Exercise data:
+ + + + + + +
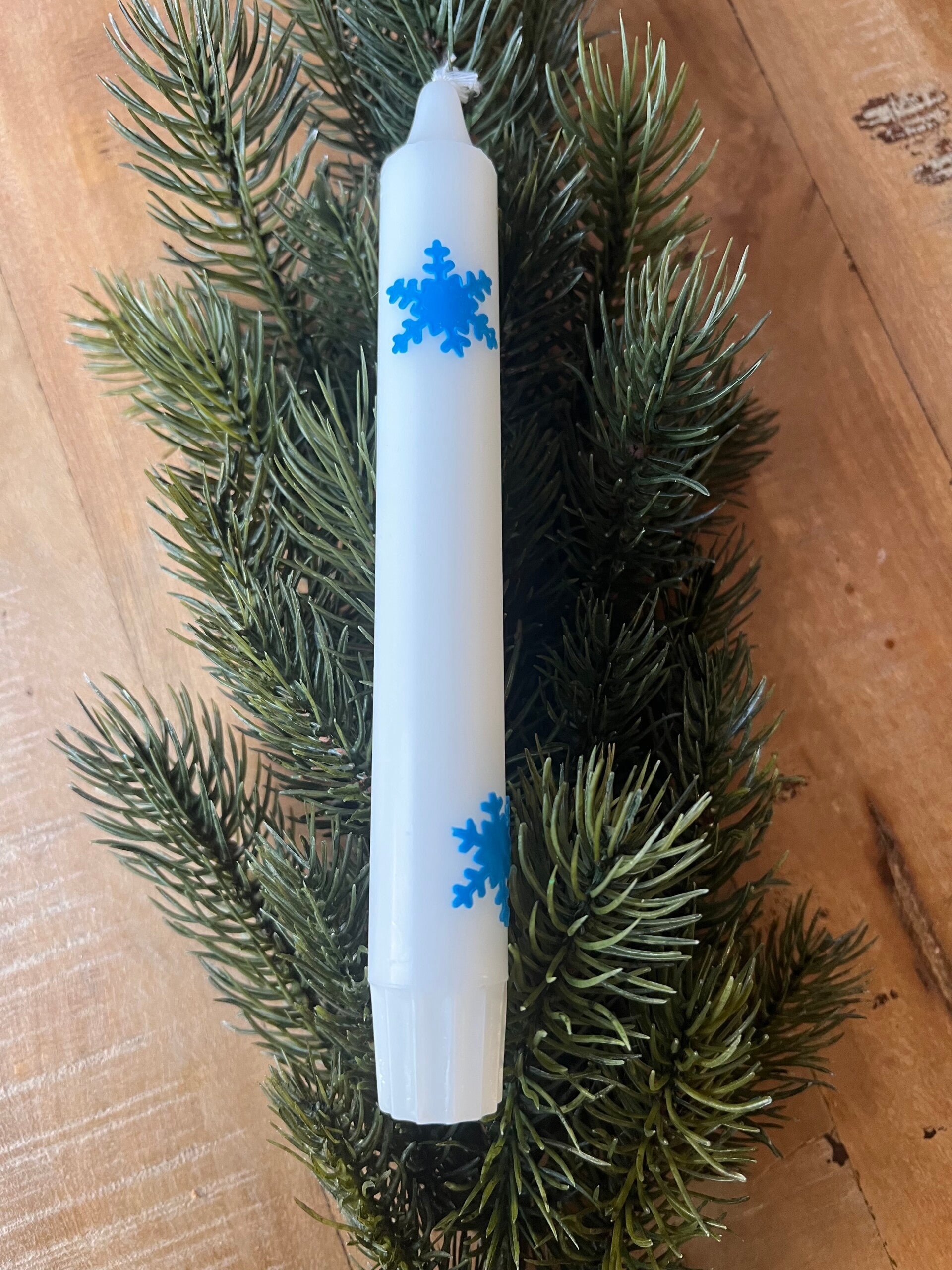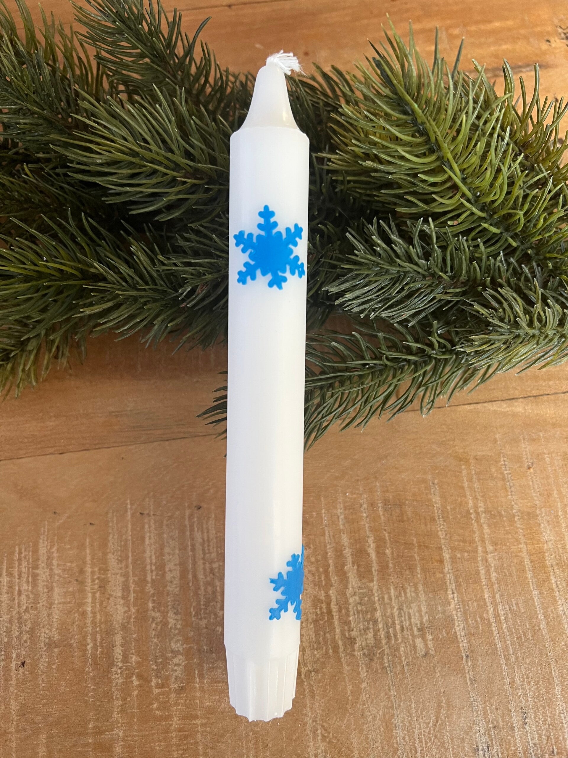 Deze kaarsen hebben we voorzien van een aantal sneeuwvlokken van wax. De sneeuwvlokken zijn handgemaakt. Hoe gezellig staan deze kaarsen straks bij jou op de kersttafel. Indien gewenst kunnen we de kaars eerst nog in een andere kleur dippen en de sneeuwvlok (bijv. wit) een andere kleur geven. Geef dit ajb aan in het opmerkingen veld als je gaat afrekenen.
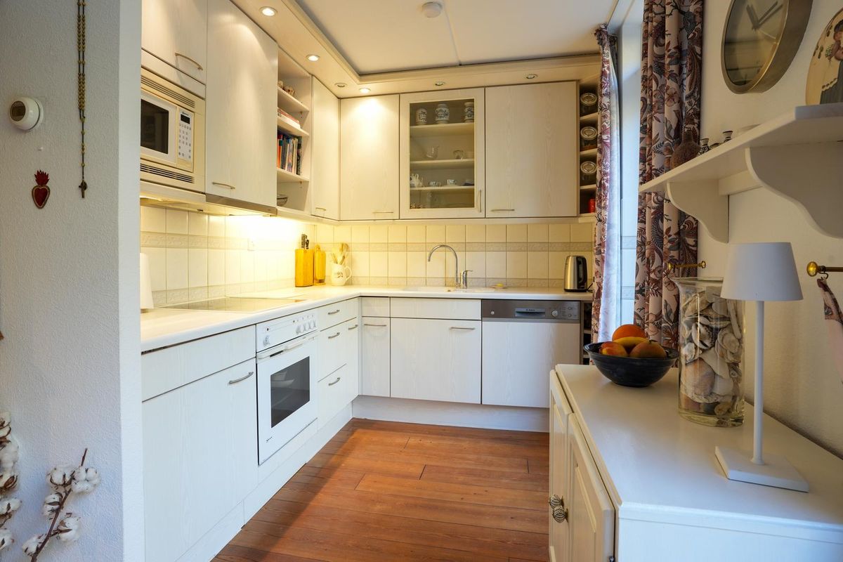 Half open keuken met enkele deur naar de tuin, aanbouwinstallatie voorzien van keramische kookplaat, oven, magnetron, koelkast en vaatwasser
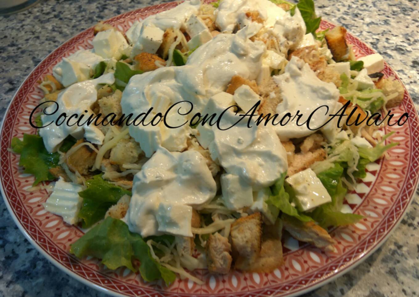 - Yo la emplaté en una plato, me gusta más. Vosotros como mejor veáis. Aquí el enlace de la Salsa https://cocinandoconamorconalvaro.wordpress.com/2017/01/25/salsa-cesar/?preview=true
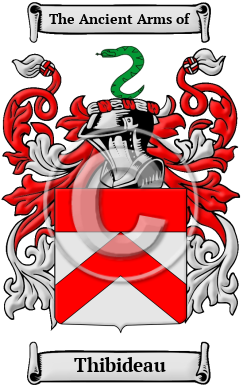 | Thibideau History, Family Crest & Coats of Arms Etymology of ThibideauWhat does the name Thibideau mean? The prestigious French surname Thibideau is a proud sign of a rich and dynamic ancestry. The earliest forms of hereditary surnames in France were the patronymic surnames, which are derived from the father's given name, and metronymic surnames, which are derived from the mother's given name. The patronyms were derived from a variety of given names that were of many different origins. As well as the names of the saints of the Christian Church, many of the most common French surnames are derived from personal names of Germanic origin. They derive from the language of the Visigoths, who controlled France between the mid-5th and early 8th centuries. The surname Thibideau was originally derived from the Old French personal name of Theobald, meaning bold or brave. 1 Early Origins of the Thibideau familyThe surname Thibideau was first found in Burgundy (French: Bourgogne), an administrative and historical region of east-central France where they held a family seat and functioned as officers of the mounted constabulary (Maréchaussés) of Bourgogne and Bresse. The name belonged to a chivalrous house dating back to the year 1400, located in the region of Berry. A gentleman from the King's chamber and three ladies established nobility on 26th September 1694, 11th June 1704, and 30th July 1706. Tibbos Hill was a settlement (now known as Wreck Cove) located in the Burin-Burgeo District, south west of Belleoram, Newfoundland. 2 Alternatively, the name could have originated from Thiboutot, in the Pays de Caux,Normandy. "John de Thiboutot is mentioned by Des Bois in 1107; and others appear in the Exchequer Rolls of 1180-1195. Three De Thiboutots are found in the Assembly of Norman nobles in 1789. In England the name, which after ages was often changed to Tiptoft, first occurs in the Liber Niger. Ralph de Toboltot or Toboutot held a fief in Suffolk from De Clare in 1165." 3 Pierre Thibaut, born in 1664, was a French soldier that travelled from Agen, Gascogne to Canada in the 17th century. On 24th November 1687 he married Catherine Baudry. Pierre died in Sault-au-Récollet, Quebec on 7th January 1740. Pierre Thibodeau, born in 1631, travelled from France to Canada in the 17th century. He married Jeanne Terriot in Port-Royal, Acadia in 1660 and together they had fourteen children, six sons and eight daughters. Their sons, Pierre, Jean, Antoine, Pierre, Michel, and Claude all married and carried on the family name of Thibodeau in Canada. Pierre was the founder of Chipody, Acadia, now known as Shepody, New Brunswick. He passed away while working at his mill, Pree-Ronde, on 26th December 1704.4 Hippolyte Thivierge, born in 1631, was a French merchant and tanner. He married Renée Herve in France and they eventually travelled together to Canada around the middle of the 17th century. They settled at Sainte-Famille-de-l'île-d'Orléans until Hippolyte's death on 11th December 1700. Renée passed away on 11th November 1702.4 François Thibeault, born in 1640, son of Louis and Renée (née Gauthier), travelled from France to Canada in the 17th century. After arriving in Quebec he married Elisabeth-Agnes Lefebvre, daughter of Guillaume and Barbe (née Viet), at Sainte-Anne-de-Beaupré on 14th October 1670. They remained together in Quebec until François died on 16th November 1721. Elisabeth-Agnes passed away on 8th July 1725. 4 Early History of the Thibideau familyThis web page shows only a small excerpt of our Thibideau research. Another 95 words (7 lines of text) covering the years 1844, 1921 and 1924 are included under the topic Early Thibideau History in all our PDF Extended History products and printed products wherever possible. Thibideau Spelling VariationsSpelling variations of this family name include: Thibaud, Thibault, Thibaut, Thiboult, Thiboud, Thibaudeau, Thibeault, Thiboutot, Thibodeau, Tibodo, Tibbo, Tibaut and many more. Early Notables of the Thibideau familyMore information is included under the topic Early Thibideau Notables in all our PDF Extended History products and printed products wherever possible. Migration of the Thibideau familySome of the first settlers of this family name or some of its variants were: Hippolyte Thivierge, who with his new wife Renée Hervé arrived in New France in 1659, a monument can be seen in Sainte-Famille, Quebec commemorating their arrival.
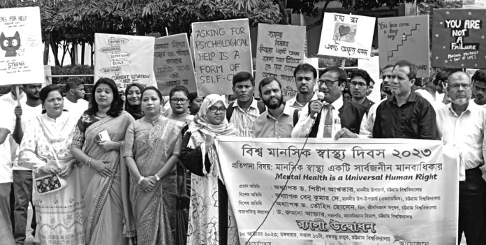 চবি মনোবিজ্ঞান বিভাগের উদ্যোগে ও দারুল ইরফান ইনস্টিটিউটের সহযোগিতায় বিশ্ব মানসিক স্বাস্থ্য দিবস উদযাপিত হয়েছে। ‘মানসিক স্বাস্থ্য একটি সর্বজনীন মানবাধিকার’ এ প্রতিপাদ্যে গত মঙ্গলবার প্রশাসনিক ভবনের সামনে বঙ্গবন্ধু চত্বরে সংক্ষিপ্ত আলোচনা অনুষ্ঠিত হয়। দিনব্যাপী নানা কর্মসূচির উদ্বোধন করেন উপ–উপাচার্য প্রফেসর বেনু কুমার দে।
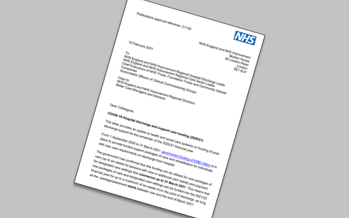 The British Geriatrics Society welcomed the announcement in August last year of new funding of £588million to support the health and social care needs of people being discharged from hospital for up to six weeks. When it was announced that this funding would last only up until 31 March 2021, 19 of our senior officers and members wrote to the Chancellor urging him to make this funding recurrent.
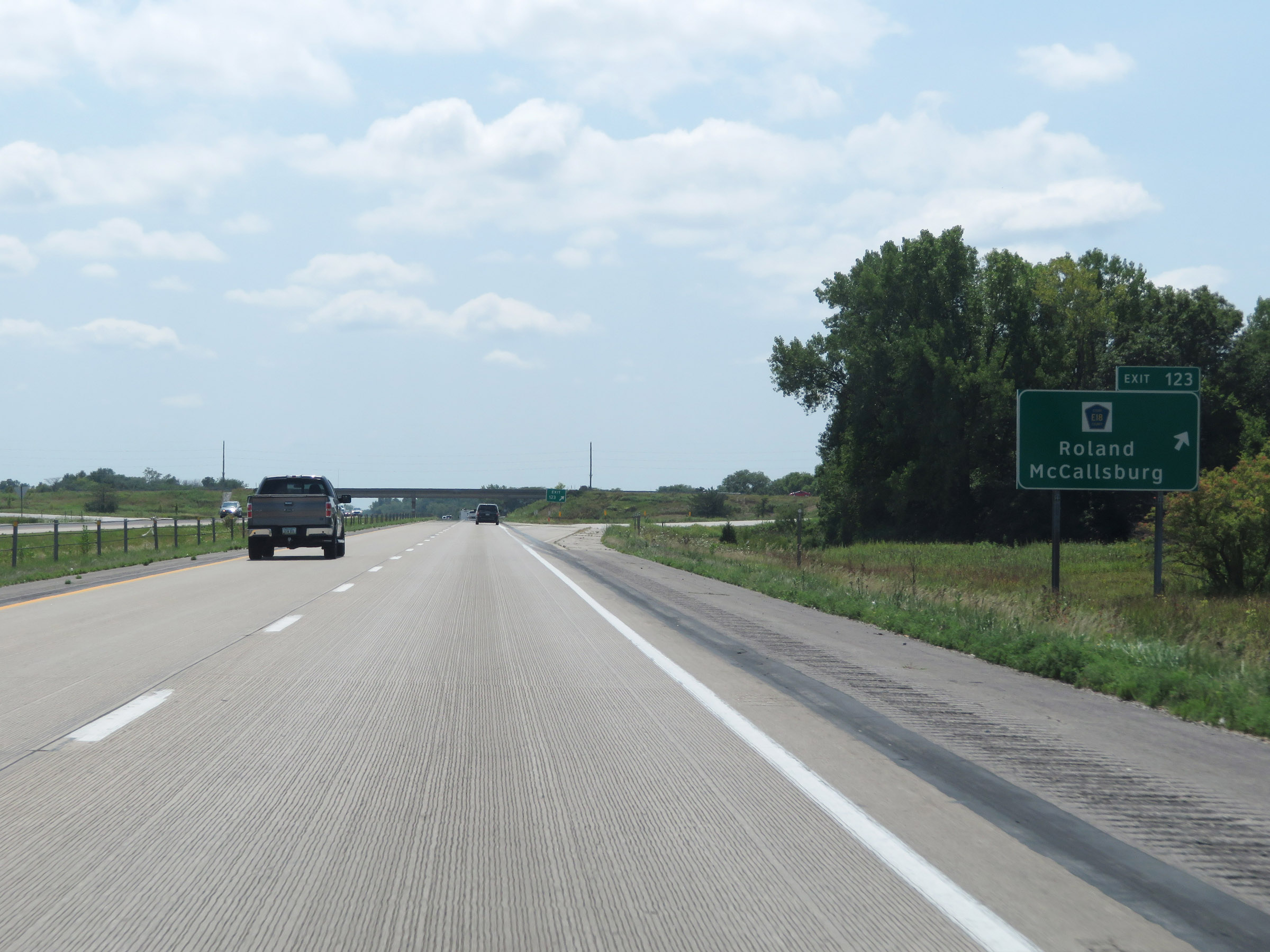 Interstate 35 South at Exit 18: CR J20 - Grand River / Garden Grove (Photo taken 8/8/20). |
+ + + + + + +
The task:
Exactly reproduce the run of lines from the start of the listing through the line with "- Yo la emplaté", inclusive; pictures are not copied.

Exercise answer:
 Deze kaarsen hebben we voorzien van een aantal sneeuwvlokken van wax. De sneeuwvlokken zijn handgemaakt. Hoe gezellig staan deze kaarsen straks bij jou op de kersttafel. Indien gewenst kunnen we de kaars eerst nog in een andere kleur dippen en de sneeuwvlok (bijv. wit) een andere kleur geven. Geef dit ajb aan in het opmerkingen veld als je gaat afrekenen.
 Half open keuken met enkele deur naar de tuin, aanbouwinstallatie voorzien van keramische kookplaat, oven, magnetron, koelkast en vaatwasser
 - Yo la emplaté en una plato, me gusta más. Vosotros como mejor veáis. Aquí el enlace de la Salsa https://cocinandoconamorconalvaro.wordpress.com/2017/01/25/salsa-cesar/?preview=true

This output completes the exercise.